Several candidate genes were consistent with previous reports, such as BTG4, FLI1, TWIST1, ADHFE1, UNC5C, and SPG20. We validated the methyla tion status in the promoter CpG islands of candidate genes by QMSP for the investigation of large contiguous CpG sites, the results of which were concordant with the array results for most genes except FLI1. Among the various CIMP markers in CRC, 18 CIMP markers were selected for the validation of methylation status and methylation based therapeutic targets in CRC. ADAMTS1, CHFR, DAPK1, IGF2, IGFBP3, NEU ROG1, SFRP1, TAC1, THBD, and WRN were also hyper methylated in our chip data. In our QMSP results of CIMP markers, DAPK1, TAC1, THBD, APC, CACNA1G, and CDKN2A were not significantly methylated in CRC tissues.

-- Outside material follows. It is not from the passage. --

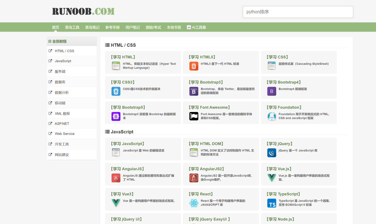 8.菜鸟教程 https://www.runoob.com

These discrepan cies may be due to differences full report in the epigenomes of tu mors or patient ethnic background. The hypermethylation of AKR1B1, CHST10, ELOVL4, SOX5, STK33, and ZNF304 have not been previously reported in CRC. AKR1B1, aldo keto reductase family 1, member B1, catalyzes the reduction of aldehydes including the aldehyde form of glucose. It was reported to be down regulated in endometrial cancer and gastric cancer. The product of CHST10, carbohydrate sulfotransferase 10, is known to inhibit the invasiveness of melanoma cells. ELOVL4 gene product, elongation of very long chain fatty acids 4, is responsible for the biosynthesis of fatty acids. Hypermethylation of ELOVL4 was re ported in hepatocellular carcinoma and pancreatic adenocarcinoma by genome wide methylation analysis. SOX5 is a member of the SOX family of transcription factors.
It is well known that SOX5 regulates embryonic development and determines cell fate. STK33, serine threonine kinase 33, is located on chromosome 11p15. 3, a gene rich re gion that has been associated with human diseases and malignancies. ZNF304, zinc finger protein 304, com bines two conserved domains, class II AU rich elements selleck inhibitor and a Krüppel associated box, and is associated with the regulation of lymphocyte activation. DNA methylation mediated silencing of gene expres sion can be restored by demethylation agents such as 5 aza dC. DNA methyltransferase inhibitor, 5 azacytidine, may act as an inducer of cell differentiation by causing de methylation and re expression of genes silenced by hypermethylation.
5 Azacytidine was approved in 2004 by the US Food and Drug Administration for treat ing myelodysplastic syndrome, and 5 aza dC as a 5 azacytidine analog was widely used in DNA methylation studies. Vincristine is a microtubule inhibitor and is commonly used for chemotherapy in pediatric acute lymphoblastic patients. Several anticancer drugs are associated with drug induced DNA hypermethylation in human lung adenocarcinoma and rhabdomyosarcoma cells. Interestingly, the methylated cytosine was re duced after treatment with concentration of vincristine less than 100 umole but it was induced after treatment with higher than 1000 umole in human lung adenocar cinoma cells.